> What do you think you're going to solve by introducing yet another platform (centralized or decentralized)? You think you're going to be left alone from those in positions of power (whether it be the mainstream media or government bodies)?
The idea is to envision an internet where there is no specific target to leave alone or not leave alone.
If publishing and consuming content are low-friction events, and censoring that content is impossible, then the internet will have achieved a substantial milestone in solving the legal, cultural and regulatory problems you correctly identify as underlying causes.
Is it a complete solution? No, of course not. But it's worth the time and effort of our species, and is an important part of facilitating the emergence of ever more genuine human rights in the information age.
>If publishing and consuming content are low-friction events, and censoring that content is impossible
I no longer believe that. Your page is going to be hosted somewhere. Some registrar will need to maintain your domain. Your DNS records will be registered by someone. You're going to be interacting with payment processors. You're going to buying power from some utility company. Your spouse may be working in a brick-and-mortar location. All of those (and more) are vectors for attack for censors whether they be government or activists. They just need to label your speech as dangerous or evil or something ridiculous and publicly shame you, your spouse, your spouse's employer and anyone that does business with you to see how little protection a new technical platform gives you.

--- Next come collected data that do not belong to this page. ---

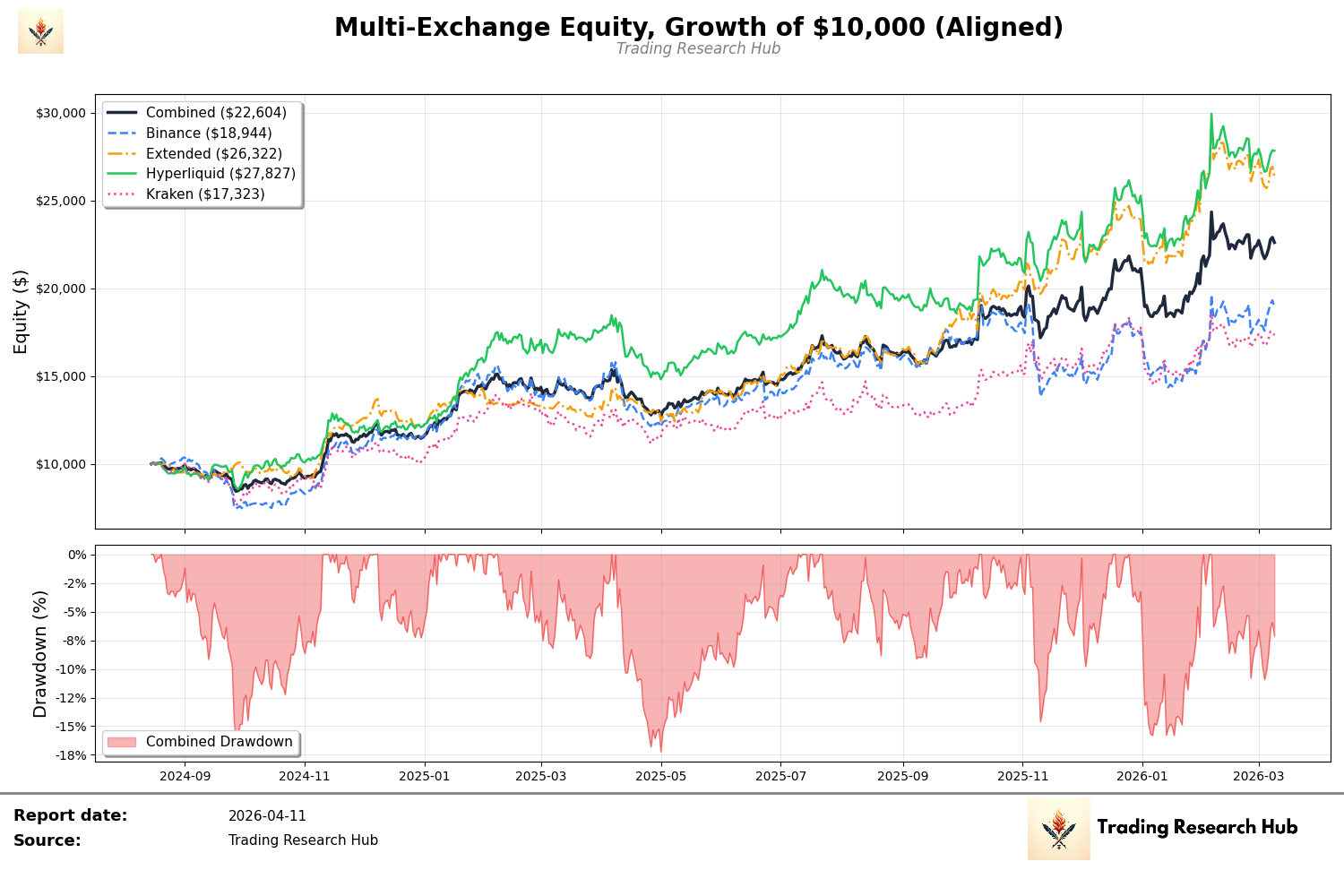 Below there’s 4 simulated equity curves, by exchange (binance, extended, hyperliquid, kraken) for a standard crypto momentum model.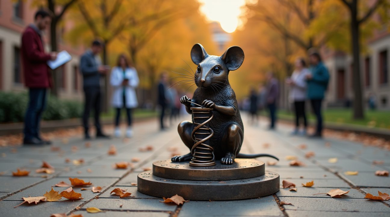 The glasses worn by the bronze mouse serve multiple symbolic purposes, suggesting both the intelligence required for scientific work and the careful observation that characterizes quality research. This design choice elevates the laboratory mouse from mere test subject to collaborative partner in the pursuit of knowledge. The mouse’s posture conveys concentration and purpose, emphasizing that scientific progress requires dedication from both researchers and their animal subjects.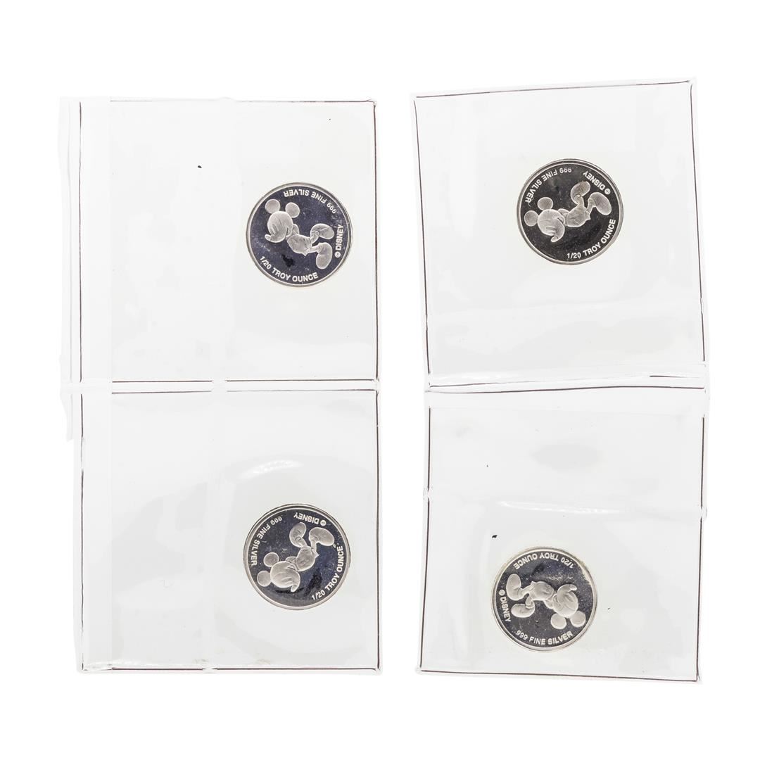 One Lot of (4) Disney Mickey Mouse 1/20 oz. .999 Fine Silver Coin Rounds.

We've gotten away with this up to now because of the meteoric rise of the internet, but it's been figured out now.
It wouldn't exactly be hard to run the web on anonymous and/or distributed hosting.
But content censorship is a social and political issue, not a technical one. And it has many problems, from organised political manipulation to dealing with bad actors of various kinds.
Absolute free speech is an interesting goal but solves none of those problems. (Everyone is for it until a radicalised kook firebombs their house.)
>It wouldn't exactly be hard to run the web on anonymous and/or distributed hosting.
Uh huh.
This requires a little qualification. We have all the technical pieces to enable individuals to communicate, with some effort, with privacy almost guaranteed (you'll never beat, for example, a government agent with immense resources that targets you specifically). But these methods are neither mainstream, nor scalable - which is what this article is about. You can't create a large-scale platform to democratize speech and content without running into the same walls that social media is now running into. Worse for you, the big guys (governments and media conglomerates) are no longer ignorant on how to control a new platform like the Web. Put another way, the internet was figured out and now we're in a persistent decline where control and censorship mechanisms are incorporated into every part of the infrastructure, from DNS, to registrars, to caching proxies, to cloud providers, to social media companies, etc.
>But content censorship is a social and political issue, not a technical one.
My point exactly. So the creating of another technical solution will do approximately nothing.
>Absolute free speech is an interesting goal but solves none of those problems.
Nobody is talking about absolute free speech. That's a straw man of my argument or at least a red herring. What we're seeing is big media backed by corporate conglomerates reasserting their traditional status as gatekeepers. We're seeing an entire American political party push for censorship of their opposition under the guise of protecting the public from 'fake news'.
I have no solutions. The only way this works is you have societal agreement that news democratization is good, but we don't have that, especially after the moral panic that set in with Trump's election. A moral panic which targeted social media for control and increased censorship to stop unvetted information dissemination.
The idea is to envision an internet where there is no specific target to leave alone or not leave alone.
If publishing and consuming content are low-friction events, and censoring that content is impossible, then the internet will have achieved a substantial milestone in solving the legal, cultural and regulatory problems you correctly identify as underlying causes.
Is it a complete solution? No, of course not. But it's worth the time and effort of our species, and is an important part of facilitating the emergence of ever more genuine human rights in the information age.